В этих словах столько житейского опыта, сколько было бы в эссенции, составленной из всех вместе взятых басен Лафонтена.
Последние сцены пятого действия, очевидно, не были просмотрены Шекспиром. Что солдат, категорически заявляющий о своем неумении читать, все- таки может разобрать, что на камне написана эпитафия Тимона, и настолько предусмотрителен, что снимает с нее оттиск воском, - это комическая нелепость, а под самый конец обе несходные между собой эпитафии Тимона смешиваются в одну, хотя в первой говорится, что умерший хочет остаться неизвестным и безымянным, между тем как вторая начинается заявлением: 'Здесь лежит Тимон...' В общем, однако, ни плохой текст, ни встречающаяся местами беспорядочность в ходе действия, ни чужая рука, которая чувствуется здесь, не могли ничуть затемнить основного намерения и основной мысли, руководившими Шекспиром, когда он писал эту пьесу.
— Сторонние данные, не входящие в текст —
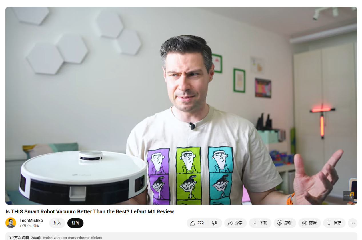 拥有17万订阅者的科技达人TechMishka便是品牌的合作者之一,其为Lefant品牌的M1扫地机器人拍摄了一条深度开箱及实测视频。到现在为止,这个视频已经有3.7万次观看。

'Тимон' в своих главных чертах напоминает 'Лира', и здесь безрассудно оказываемые благодеяния, и здесь неблагодарность в награду.
Но горечь и страстность здесь в десять раз сильнее - как и гениальность, бесспорно, слабее. Возле Лира в его несчастье стоят храбрый, мужественный Кент, верный шут, сердце сердец Корделия, ее муж, доблестный король Франции. Здесь рядом с силами разрушительными целая группа добрых, плодотворных сил Тимону никго не остается верен, кроме одного единственного слуги, что по античным условиям жизни означает человека из рабского состояния, слуги, с самоотверженною любовью решившего не покидать своего господина, так что Тимон с сокрушением вынужден исключить одно человеческое существо из общего проклятия, которое он изрекает, чтобы облегчить себя. В своем собственном классе он не находит ни одной искренне преданной ему души, ни среди мужчин, ни среди женщин. У него нет, как у Лира, дочери, нет, как у Кориолана, матери, нет ни одного женского сердца, которому он был бы дорог, и нет друга, нет ни одного друга!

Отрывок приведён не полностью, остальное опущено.